Le but du rapport est d’évaluer dans quelle mesure les réformes dégagent les résultats souhaités. Selon les sondages d’opinion, les taux de satisfaction publique pré- et post-réforme sont les mêmes. Après cinq ans de concurrence réglementée, la concurrence entre assureurs est vive, les regroupements d’entreprises ont été nombreux et les primes ont baissé de 2 %, sans indication de sélection des risques par les assureurs. Ces derniers ont donc perdu de l’argent. Le risque qu’ils assument n’est pas très élevé et les écarts de prix qui persistent indiqueraient que la concurrence sur les prix attendue ne se produit pas ; ils savent qu’ils seront compensés après le fait. On parle maintenant d’accroître leur risque.

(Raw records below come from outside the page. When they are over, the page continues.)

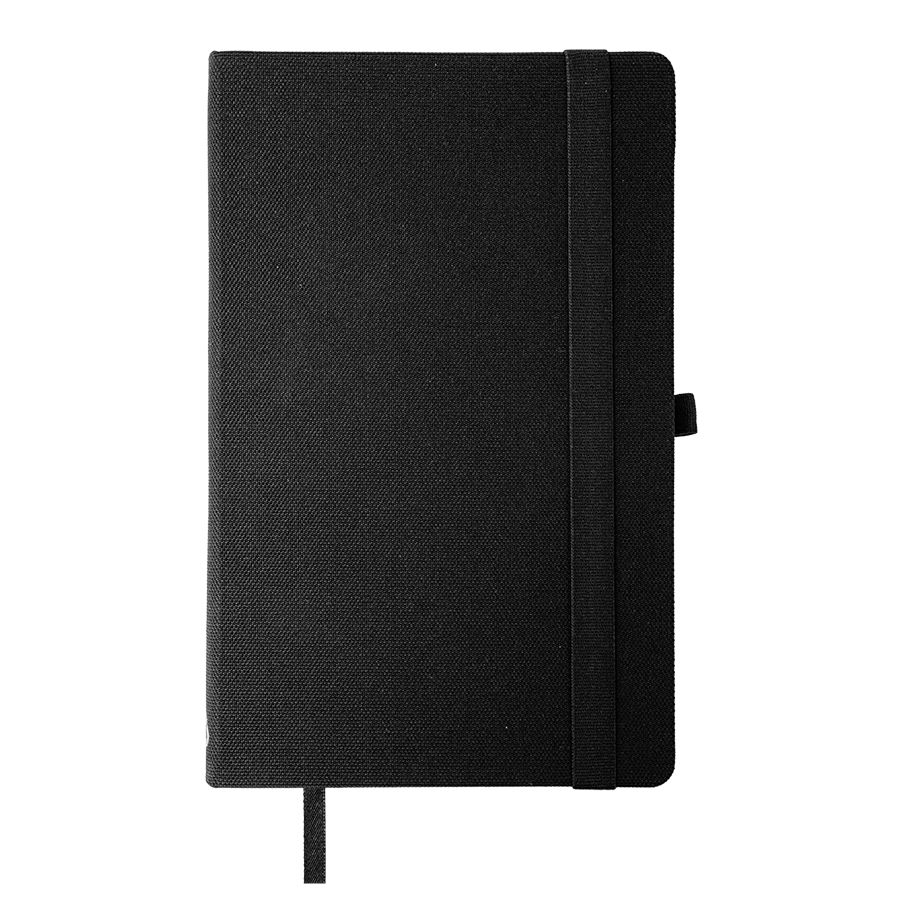 100% эко-блокнот Размер: 130х210 мм Переплет: твердый Обложка: RPET рециклированный полиэстер, полученный из переработанных пластиковых бутылок Материал сертифицирован в Нидерландах по Global Ecological Standard Отделка: жаккардовая резинка 12 мм и пенхолдер в тон обложки Форзац нахзац: кремовый Блок: недатированный Разлиновка: в линейку Количество страниц: 256 Углы блока: скругленные Цвет бумаги: кремовый Плотность бумаги: 70г м2 Ляссе: в тон обложке Карман для визиток: есть Упаковка: фирменный сливбокс thINKme
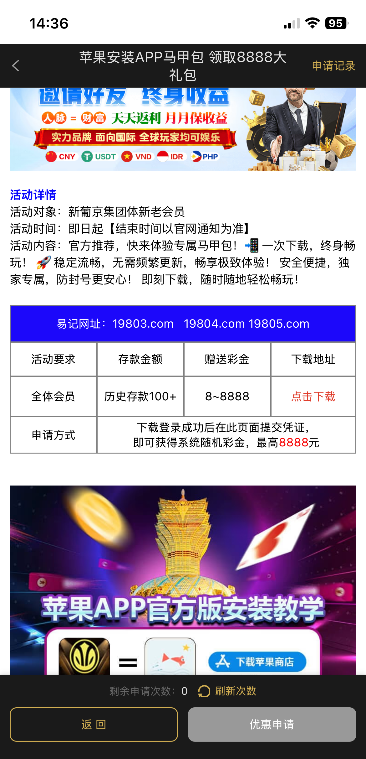 在优惠活动综合里面自己申请,要求及时充值100+,下载苹果马甲包,用马甲包登录截图上传可以领8-8888链接19803.com
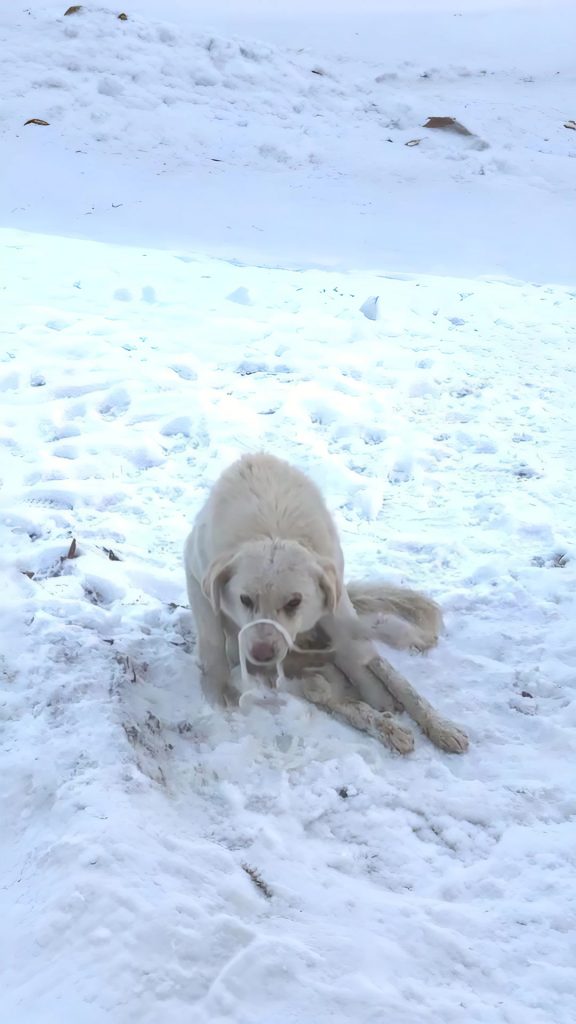 Eventually, Ice was ready to go outside again. With a harness and patient hands guiding him, he stepped onto solid ground. His movements were careful, but they belonged to him. For those who had first seen him lying motionless in the snow, the moment felt extraordinary.

Les assureurs n’ont pas livré une concurrence très vive sur la qualité. Il est très difficile de produire une information sur la qualité apte à aider les patients à faire des choix, et la participation des fournisseurs est essentielle. La mise en place de ce processus prend jusqu’à 10 ans. Sur les sites Web, les patients peuvent évaluer leurs fournisseurs et leurs soins. Récemment, des assureurs ont indiqué dans les journaux qu’ils ne feraient plus appel, pour les cas de cancer du sein, à certains hôpitaux dont les résultats en matière de qualité laissaient à désirer.

L’avenir

Le nouveau gouvernement libéral a récemment soulevé la question de la quote-part et revoit aussi le contenu du régime d’avantages de base, qu’il est politiquement risqué de modifier. Il est question de con?centrer les soins à la fine pointe de la technologie et d’introduire un nouveau mécanisme de financement pour les hôpitaux, qui serait fondé sur des groupes de maladies apparentées et entièrement axé sur la performance et les résultats.

Réaliser la transition d’un système de santé dans lequel la planification s’opère de façon centrale et doté de règles très strictes vers un marché de la santé fonctionnel est un exercice complexe qui prend du temps. Mais même avec une solide réglementation, chaque année les fournisseurs et les assureurs gagnent du terrain en matière de négociation. Par exemple, 75 % des interventions en milieu hospitalier se négocient librement avec les assureurs, contre 10 % en 2006. Les parties prenantes doivent pourtant s’y habituer et investir dans la recherche d’information pour obtenir la meilleure valeur.

Avec la lente croissance du PIB et la faiblesse de l’euro, la pression est de plus en plus forte, tout comme la tentation pour le gouvernement d’intervenir. Cependant, l’actuelle ministre de la Santé a dit qu’elle donnera au marché de la santé le temps de s’habituer à son rôle et qu’elle le laissera suivre son cours. Si la ministre intervient, d’autres parties prenantes se retireront.